┌──
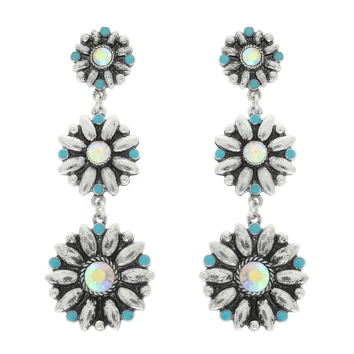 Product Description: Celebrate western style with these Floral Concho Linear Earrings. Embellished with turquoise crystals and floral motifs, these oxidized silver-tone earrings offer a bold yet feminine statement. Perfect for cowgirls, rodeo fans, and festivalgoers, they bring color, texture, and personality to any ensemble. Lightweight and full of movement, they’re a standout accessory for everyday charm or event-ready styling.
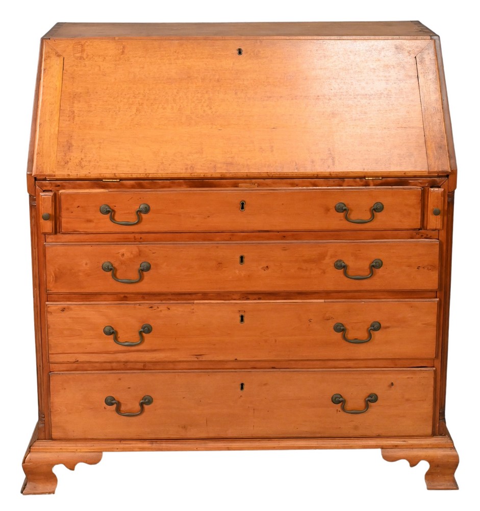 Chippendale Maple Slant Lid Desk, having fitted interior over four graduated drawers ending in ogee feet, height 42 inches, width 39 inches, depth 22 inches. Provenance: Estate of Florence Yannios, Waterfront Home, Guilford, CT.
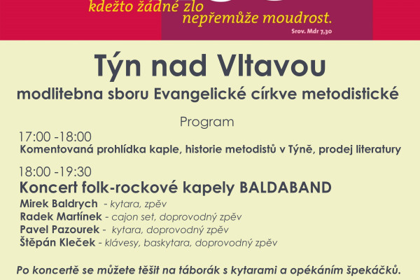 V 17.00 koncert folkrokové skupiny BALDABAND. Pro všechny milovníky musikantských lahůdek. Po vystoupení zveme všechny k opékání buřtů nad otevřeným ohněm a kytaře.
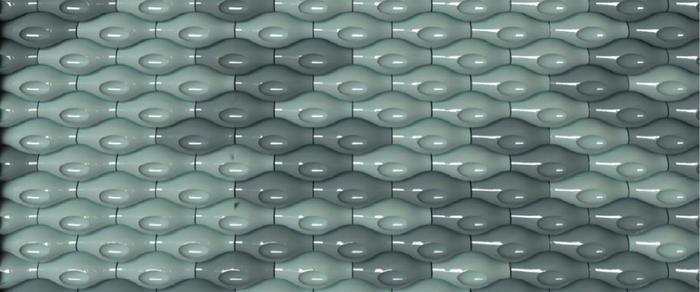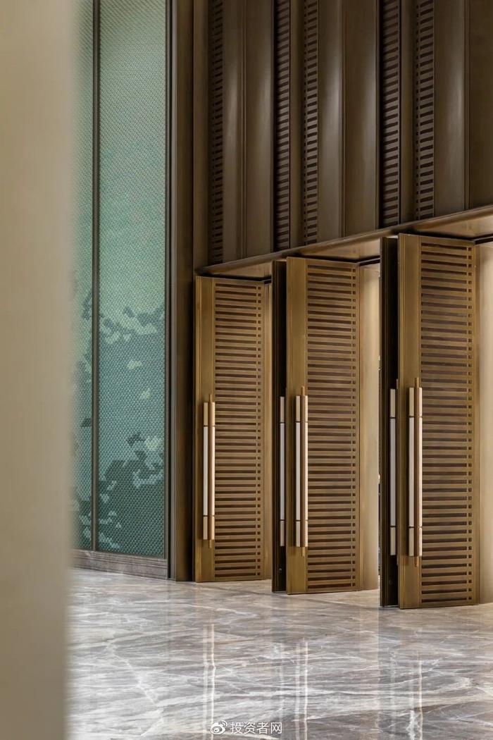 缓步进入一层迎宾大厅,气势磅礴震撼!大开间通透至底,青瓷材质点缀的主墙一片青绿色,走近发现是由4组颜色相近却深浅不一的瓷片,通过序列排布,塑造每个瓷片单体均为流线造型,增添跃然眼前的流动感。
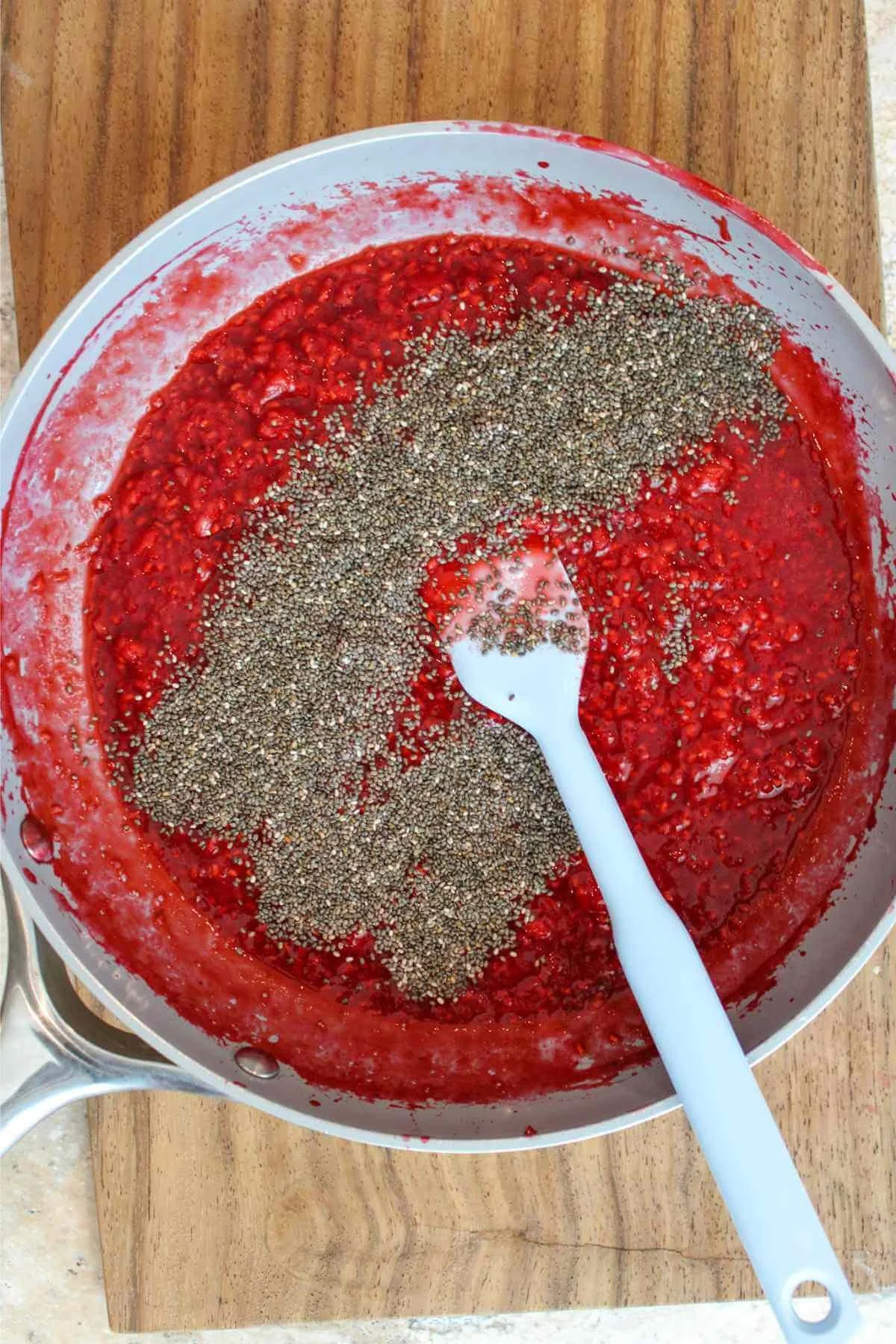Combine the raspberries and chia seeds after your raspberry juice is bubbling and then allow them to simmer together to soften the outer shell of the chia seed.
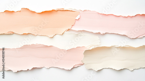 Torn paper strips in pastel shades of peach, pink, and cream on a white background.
└──
■ **WHAT TO WORK ON**
Write out each line again, exactly as it appears above, except for any picture.

■ **RESULT OF THIS EXERCISE**
 Product Description: Celebrate western style with these Floral Concho Linear Earrings. Embellished with turquoise crystals and floral motifs, these oxidized silver-tone earrings offer a bold yet feminine statement. Perfect for cowgirls, rodeo fans, and festivalgoers, they bring color, texture, and personality to any ensemble. Lightweight and full of movement, they’re a standout accessory for everyday charm or event-ready styling.
 Chippendale Maple Slant Lid Desk, having fitted interior over four graduated drawers ending in ogee feet, height 42 inches, width 39 inches, depth 22 inches. Provenance: Estate of Florence Yannios, Waterfront Home, Guilford, CT.
 V 17.00 koncert folkrokové skupiny BALDABAND. Pro všechny milovníky musikantských lahůdek. Po vystoupení zveme všechny k opékání buřtů nad otevřeným ohněm a kytaře.
 缓步进入一层迎宾大厅,气势磅礴震撼!大开间通透至底,青瓷材质点缀的主墙一片青绿色,走近发现是由4组颜色相近却深浅不一的瓷片,通过序列排布,塑造每个瓷片单体均为流线造型,增添跃然眼前的流动感。
Combine the raspberries and chia seeds after your raspberry juice is bubbling and then allow them to simmer together to soften the outer shell of the chia seed.
 Torn paper strips in pastel shades of peach, pink, and cream on a white background.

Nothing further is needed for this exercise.